We have now only to guard against an ill-measured division of the acid, 
and the avoidance of a precipitate.  To attain this end, I frequently 
lift the plate out of the fluid, taking care that the etching power 
shall be directed to whatever part of the plate it may have worked the 
least, and a seek to avoid the bubbles and precipitate, by a gentle 
movement of the acid. 
  In this manner, the process can be continued to the proper points of 
strength and clearness of etching required upon the plates from which it 
is proposed to print.  I believe that a man of talent, who might be 
interested with this art of etching, and who had acquired a certain 
degree of dexterity in preparing for it, would very soon arrive at the 
greatest clearness and perfection; and, from my experience, I consider 
that he would soon be able to simplify the whole process.  I have tried 
very often to omit the steaming and the gum arabic, but the result was 
not satisfactory, or the picture very soon after was entirely destroyed, 
so that I was compelled again to have recourse to them. 

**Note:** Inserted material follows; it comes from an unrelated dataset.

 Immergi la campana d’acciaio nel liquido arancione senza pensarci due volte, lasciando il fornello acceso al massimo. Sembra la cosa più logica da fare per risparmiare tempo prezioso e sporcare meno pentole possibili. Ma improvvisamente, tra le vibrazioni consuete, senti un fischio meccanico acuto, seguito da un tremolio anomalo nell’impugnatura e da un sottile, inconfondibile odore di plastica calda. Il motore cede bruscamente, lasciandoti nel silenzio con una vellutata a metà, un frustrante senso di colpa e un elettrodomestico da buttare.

  The task which I have undertaken is now fully performed, by placing in 
the hands of the public my method of etching and printing from the 
Daguerreotype plates, which information, being united to the knowledge 
and mechanical experience we already possess, and published to the 
world, may open a road to extensive improvement in the arts and 
sciences.  By thus laying open my statement to the scientific world, I 
hope to prove my devotion to the arts and sciences, which can end only 
with my life.--Atheneum, (London) May 23 
(1) We do not well see how a film of metallic silver, however thin, can 
be transparent. 
(2) This and some other passages, are a little obscure.